PROBLEM REQUIREMENTS: Return only the lines of the data below from the line with "This design perfect" up to and including the line with "Ospiti lo scrittore", exactly as written, with the pictures omitted.

[[ DATASET ENTRIES, beginning ]]

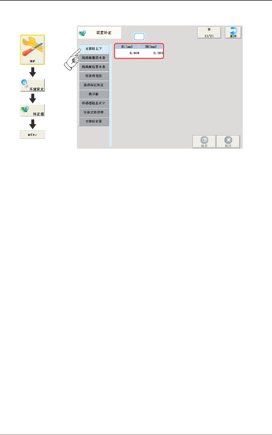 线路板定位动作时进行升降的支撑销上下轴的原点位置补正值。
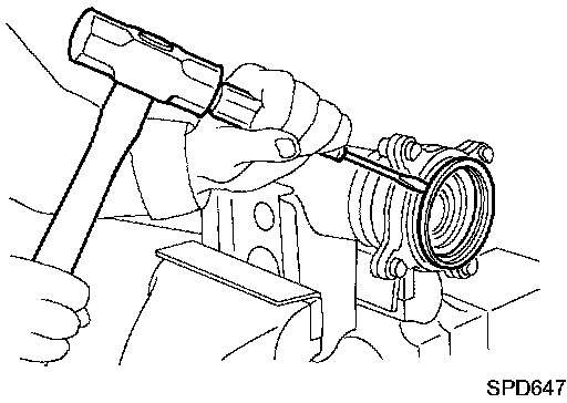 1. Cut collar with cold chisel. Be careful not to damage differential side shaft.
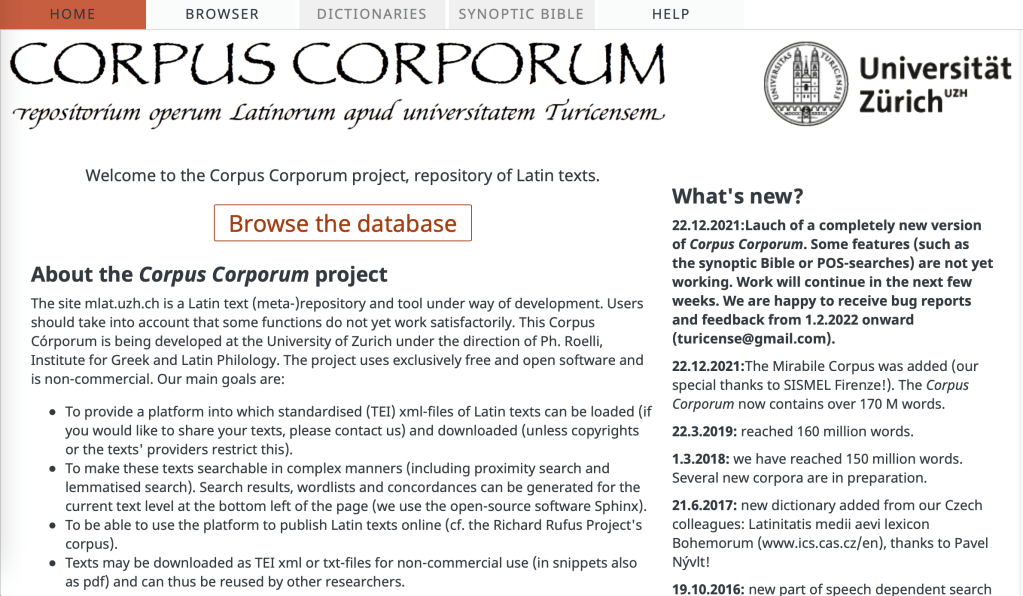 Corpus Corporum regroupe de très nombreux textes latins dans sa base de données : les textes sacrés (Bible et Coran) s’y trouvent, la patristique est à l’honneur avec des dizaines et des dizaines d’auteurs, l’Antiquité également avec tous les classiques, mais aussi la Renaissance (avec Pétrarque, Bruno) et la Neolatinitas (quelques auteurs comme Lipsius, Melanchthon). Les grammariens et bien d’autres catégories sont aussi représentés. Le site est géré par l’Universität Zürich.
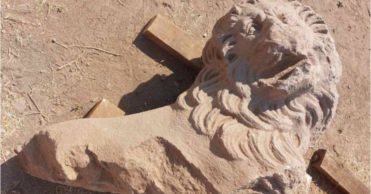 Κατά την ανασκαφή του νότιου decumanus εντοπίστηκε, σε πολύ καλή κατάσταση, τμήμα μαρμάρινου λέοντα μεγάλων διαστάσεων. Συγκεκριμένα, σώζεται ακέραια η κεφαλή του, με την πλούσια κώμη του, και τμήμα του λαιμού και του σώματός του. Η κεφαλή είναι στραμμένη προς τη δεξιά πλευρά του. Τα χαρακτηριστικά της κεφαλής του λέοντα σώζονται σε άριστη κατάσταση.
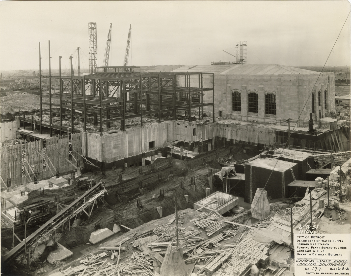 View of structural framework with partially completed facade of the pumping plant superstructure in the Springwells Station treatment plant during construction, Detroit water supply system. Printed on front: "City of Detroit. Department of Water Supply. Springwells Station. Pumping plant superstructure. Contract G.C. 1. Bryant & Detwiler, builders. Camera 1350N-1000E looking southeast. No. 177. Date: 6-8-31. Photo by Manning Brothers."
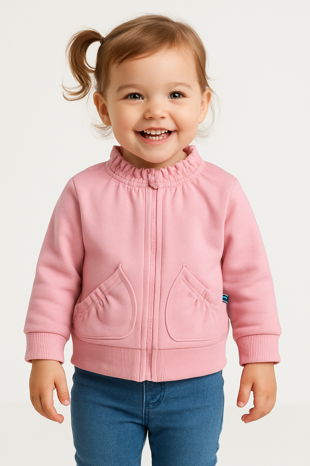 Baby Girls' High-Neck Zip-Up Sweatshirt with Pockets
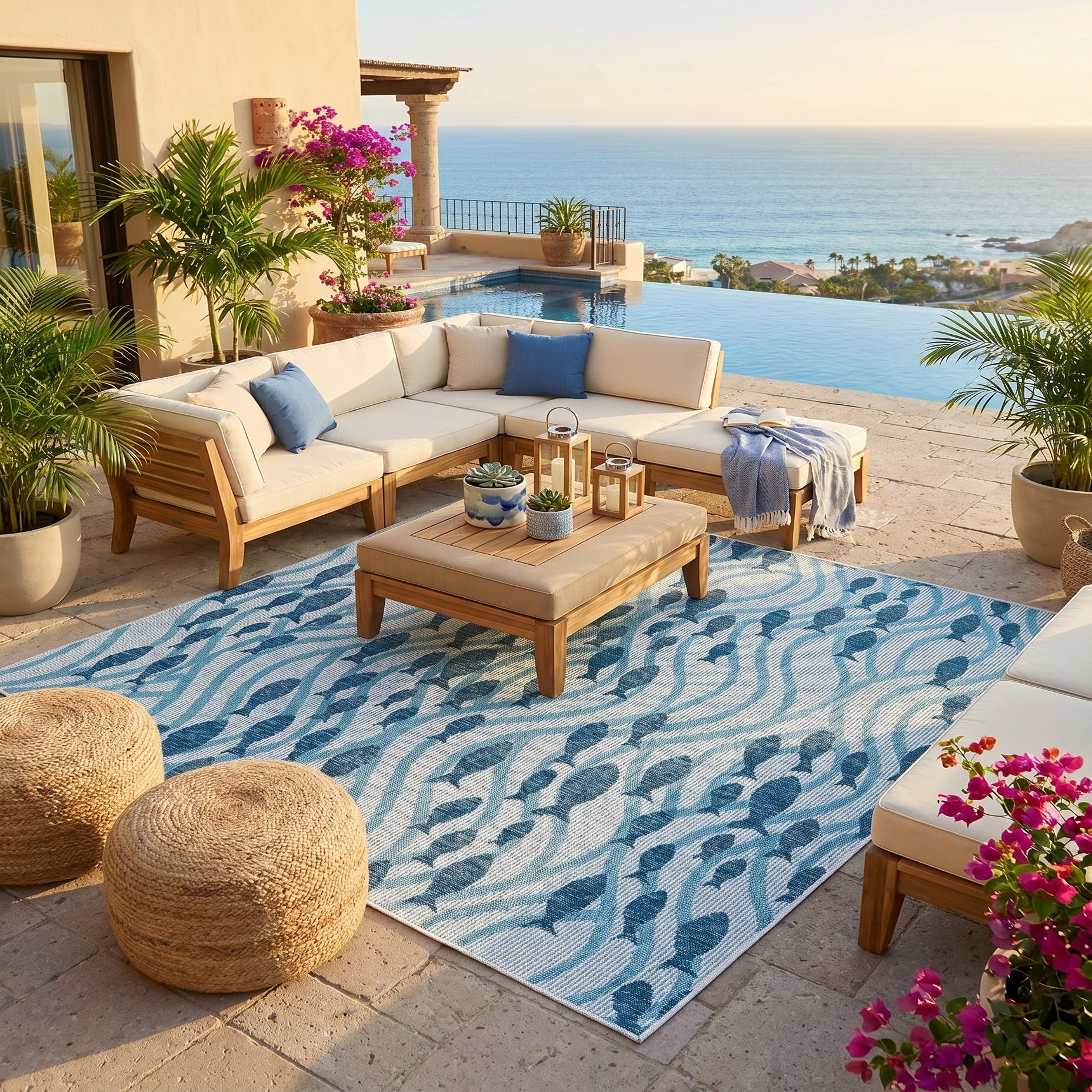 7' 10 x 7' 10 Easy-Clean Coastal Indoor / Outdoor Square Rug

[[ DATASET ENTRIES, end ]]
[[ DATASET ENTRIES, beginning ]]

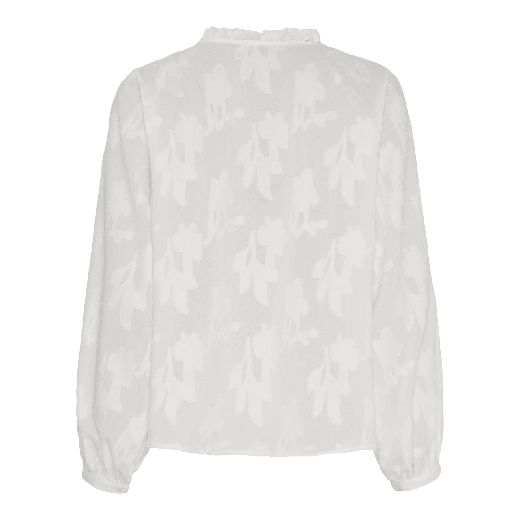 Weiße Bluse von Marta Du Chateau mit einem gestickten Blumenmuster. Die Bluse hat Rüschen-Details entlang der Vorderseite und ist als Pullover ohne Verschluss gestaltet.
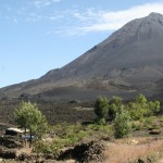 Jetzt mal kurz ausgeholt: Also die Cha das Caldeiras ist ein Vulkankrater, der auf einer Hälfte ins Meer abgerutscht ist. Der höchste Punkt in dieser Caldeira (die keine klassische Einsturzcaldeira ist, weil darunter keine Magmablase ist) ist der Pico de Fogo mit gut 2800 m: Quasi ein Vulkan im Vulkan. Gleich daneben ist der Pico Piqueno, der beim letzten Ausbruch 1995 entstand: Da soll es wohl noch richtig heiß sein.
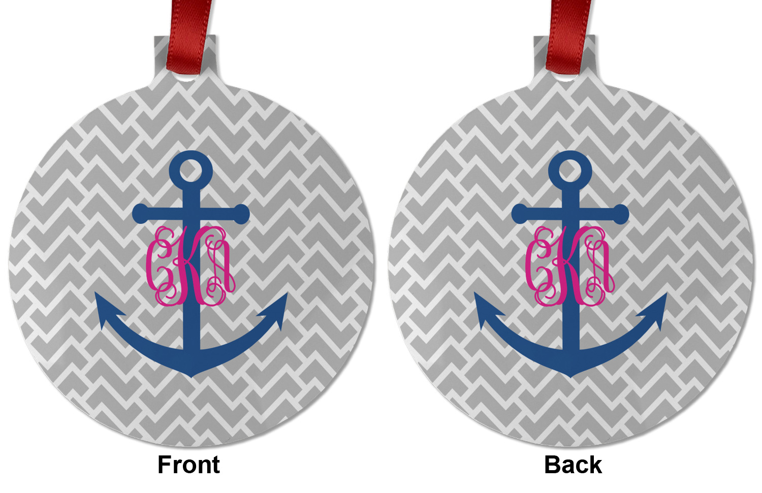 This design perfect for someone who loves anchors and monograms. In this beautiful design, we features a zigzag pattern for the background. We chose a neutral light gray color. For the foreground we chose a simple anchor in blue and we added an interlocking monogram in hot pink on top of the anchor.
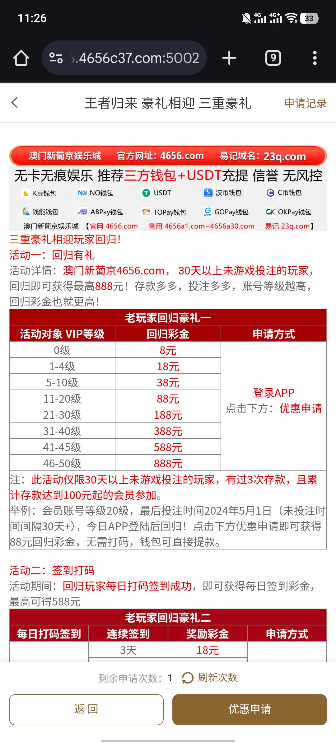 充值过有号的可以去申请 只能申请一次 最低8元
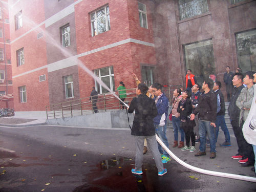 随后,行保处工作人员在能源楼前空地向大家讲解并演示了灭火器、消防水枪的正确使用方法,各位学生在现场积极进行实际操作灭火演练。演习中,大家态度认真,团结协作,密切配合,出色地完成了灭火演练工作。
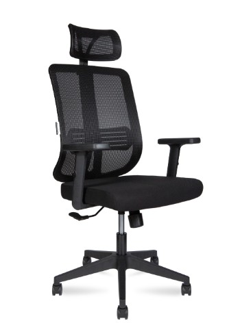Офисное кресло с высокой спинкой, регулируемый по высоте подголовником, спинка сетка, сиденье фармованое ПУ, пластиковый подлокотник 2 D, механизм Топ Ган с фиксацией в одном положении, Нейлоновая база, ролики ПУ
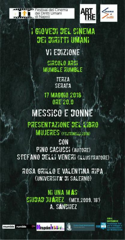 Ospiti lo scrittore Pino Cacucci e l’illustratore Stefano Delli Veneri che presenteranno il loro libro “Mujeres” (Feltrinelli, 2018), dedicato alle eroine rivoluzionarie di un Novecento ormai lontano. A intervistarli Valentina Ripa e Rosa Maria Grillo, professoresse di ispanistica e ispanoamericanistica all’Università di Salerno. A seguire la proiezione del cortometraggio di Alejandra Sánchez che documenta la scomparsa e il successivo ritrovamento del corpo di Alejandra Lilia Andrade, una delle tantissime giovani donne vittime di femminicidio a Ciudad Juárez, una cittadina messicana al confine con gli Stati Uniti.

[[ DATASET ENTRIES, end ]]
[[ DATASET ENTRIES, beginning ]]

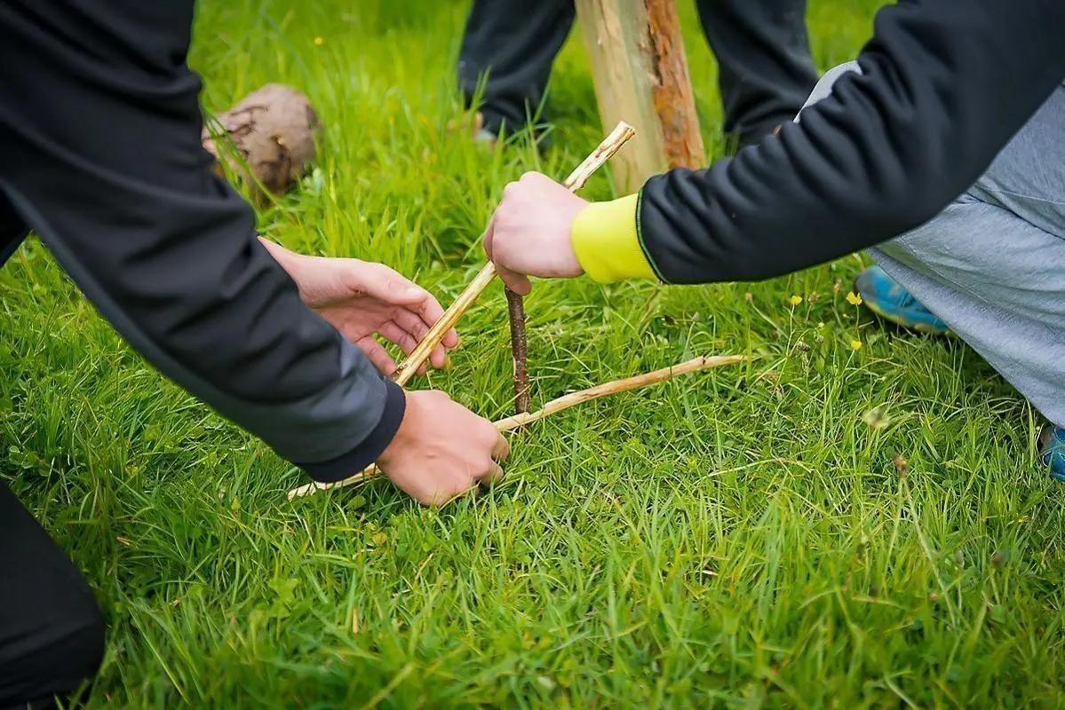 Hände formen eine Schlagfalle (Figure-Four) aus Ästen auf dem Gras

[[ DATASET ENTRIES, end ]]

FINAL ANSWER:
 This design perfect for someone who loves anchors and monograms. In this beautiful design, we features a zigzag pattern for the background. We chose a neutral light gray color. For the foreground we chose a simple anchor in blue and we added an interlocking monogram in hot pink on top of the anchor.
 充值过有号的可以去申请 只能申请一次 最低8元
 随后,行保处工作人员在能源楼前空地向大家讲解并演示了灭火器、消防水枪的正确使用方法,各位学生在现场积极进行实际操作灭火演练。演习中,大家态度认真,团结协作,密切配合,出色地完成了灭火演练工作。
Офисное кресло с высокой спинкой, регулируемый по высоте подголовником, спинка сетка, сиденье фармованое ПУ, пластиковый подлокотник 2 D, механизм Топ Ган с фиксацией в одном положении, Нейлоновая база, ролики ПУ
 Ospiti lo scrittore Pino Cacucci e l’illustratore Stefano Delli Veneri che presenteranno il loro libro “Mujeres” (Feltrinelli, 2018), dedicato alle eroine rivoluzionarie di un Novecento ormai lontano. A intervistarli Valentina Ripa e Rosa Maria Grillo, professoresse di ispanistica e ispanoamericanistica all’Università di Salerno. A seguire la proiezione del cortometraggio di Alejandra Sánchez che documenta la scomparsa e il successivo ritrovamento del corpo di Alejandra Lilia Andrade, una delle tantissime giovani donne vittime di femminicidio a Ciudad Juárez, una cittadina messicana al confine con gli Stati Uniti.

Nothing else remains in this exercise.